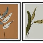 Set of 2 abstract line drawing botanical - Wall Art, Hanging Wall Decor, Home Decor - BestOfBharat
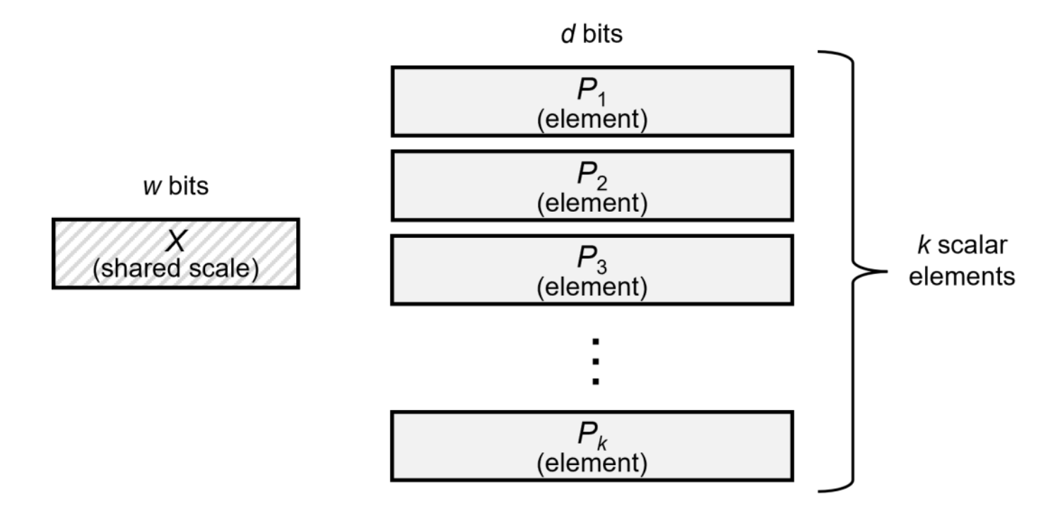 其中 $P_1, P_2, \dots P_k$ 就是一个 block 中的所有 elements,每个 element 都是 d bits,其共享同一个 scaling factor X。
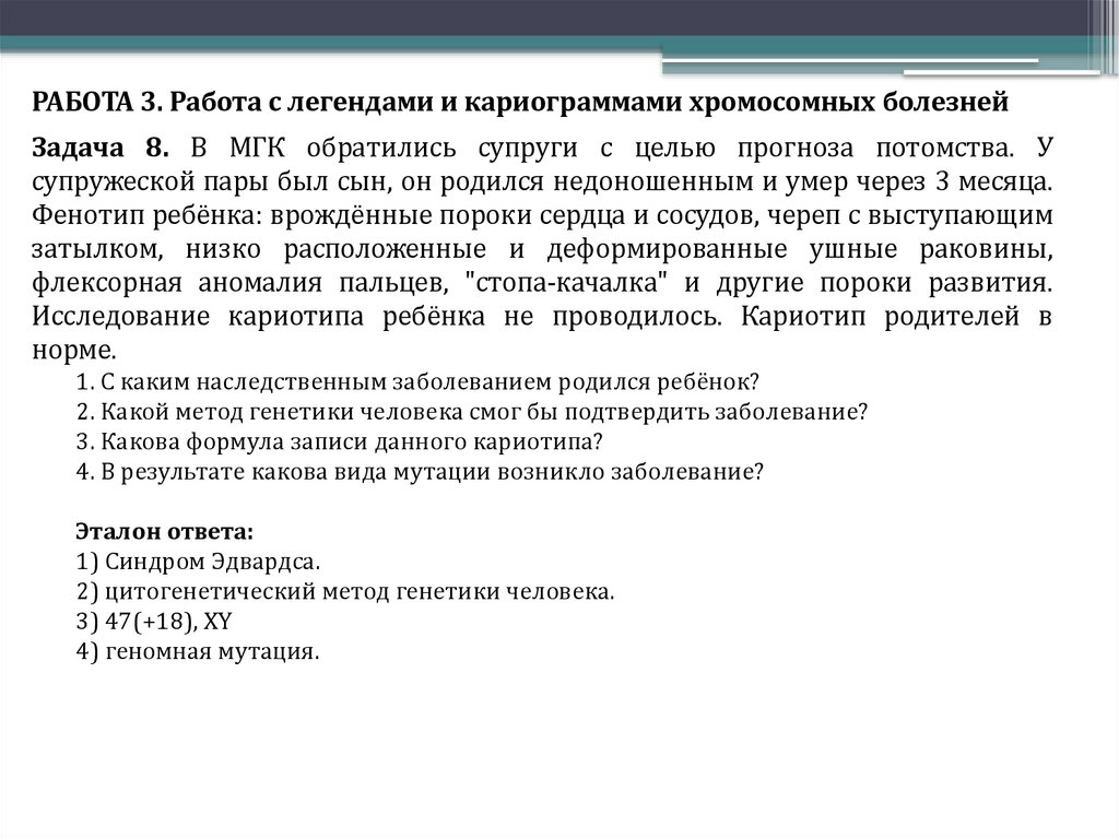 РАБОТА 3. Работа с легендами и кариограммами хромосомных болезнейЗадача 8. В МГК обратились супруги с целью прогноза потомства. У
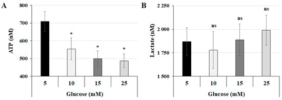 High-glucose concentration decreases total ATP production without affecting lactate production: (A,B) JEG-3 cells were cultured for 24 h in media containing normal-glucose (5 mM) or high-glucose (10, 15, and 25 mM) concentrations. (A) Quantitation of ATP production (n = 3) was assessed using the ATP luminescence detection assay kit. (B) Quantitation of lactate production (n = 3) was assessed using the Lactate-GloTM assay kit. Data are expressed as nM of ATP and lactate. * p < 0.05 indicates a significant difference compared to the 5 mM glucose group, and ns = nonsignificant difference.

************

Requirement ->
Without the pictures, repeat the listing above exactly.

Exercise response ->
 Set of 2 abstract line drawing botanical - Wall Art, Hanging Wall Decor, Home Decor - BestOfBharat
 其中 $P_1, P_2, \dots P_k$ 就是一个 block 中的所有 elements,每个 element 都是 d bits,其共享同一个 scaling factor X。
 РАБОТА 3. Работа с легендами и кариограммами хромосомных болезнейЗадача 8. В МГК обратились супруги с целью прогноза потомства. У
 High-glucose concentration decreases total ATP production without affecting lactate production: (A,B) JEG-3 cells were cultured for 24 h in media containing normal-glucose (5 mM) or high-glucose (10, 15, and 25 mM) concentrations. (A) Quantitation of ATP production (n = 3) was assessed using the ATP luminescence detection assay kit. (B) Quantitation of lactate production (n = 3) was assessed using the Lactate-GloTM assay kit. Data are expressed as nM of ATP and lactate. * p < 0.05 indicates a significant difference compared to the 5 mM glucose group, and ns = nonsignificant difference.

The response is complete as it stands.